Anonymous wrote:OP is getting piled on. But I know what’s she’s talking about. People who make no effort to carry their side of the conversation.
I have a co-worker who comes and stands in the door of my office to “chat”. She then proceeds to stand there and stare at me blankly until I ask her questions about herself. I never wanted to have the conversation to begin with. You are standing in my office. And now you feel no obligation to assist in keeping the convo going??
I can see the same thing at a dinner if there are some long pauses. Some people just always let someone else keep it going.
Anonymous wrote:Anonymous wrote:I am an introvert and clam up when I cannot get a word in edgewise or when someone starts talking over me or changes the conversation while I am trying to speak.
I recently stopped hanging out with some people because the conversations border on small talk. I am not good at small talk and prefer real and meaningful dialogue with people. I'm not saying small talk is bad, but I'm no good at it.
If like you and you are interesting, we can talk for hours.

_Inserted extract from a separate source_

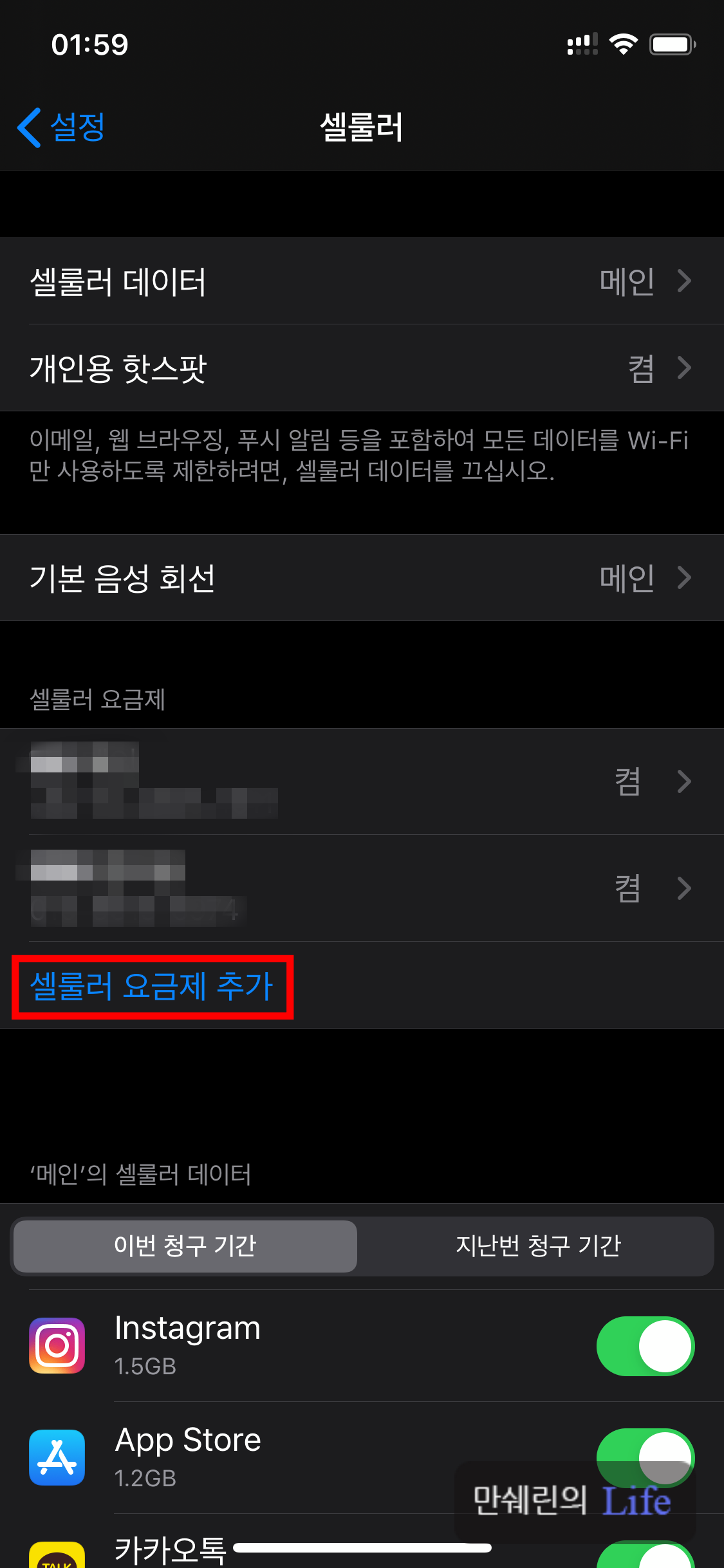 아이폰의 설정 - 셀룰러 - 셀룰러 요금제 추가를 선택하여 요금제를 추가 할 수 있습니다.

But don’t you see that you also have to expend some energy and make an investment in the conversation to make it interesting? I appreciate the frank response, but this is my issue. “If I like you and you are interesting...” well you have to be interesting too! It can’t just be me dropping a bunch of topics and hoping you’ll find one interesting. And sometimes it takes a little work and small talk. No one likes small talk. Of course we all like deep and interesting conversations. But to have this, you have to have opinions and observations, take small risks, tell something personal about yourself.
Anonymous wrote:I am an introvert and clam up when I cannot get a word in edgewise or when someone starts talking over me or changes the conversation while I am trying to speak.
I recently stopped hanging out with some people because the conversations border on small talk. I am not good at small talk and prefer real and meaningful dialogue with people. I'm not saying small talk is bad, but I'm no good at it.
If like you and you are interesting, we can talk for hours.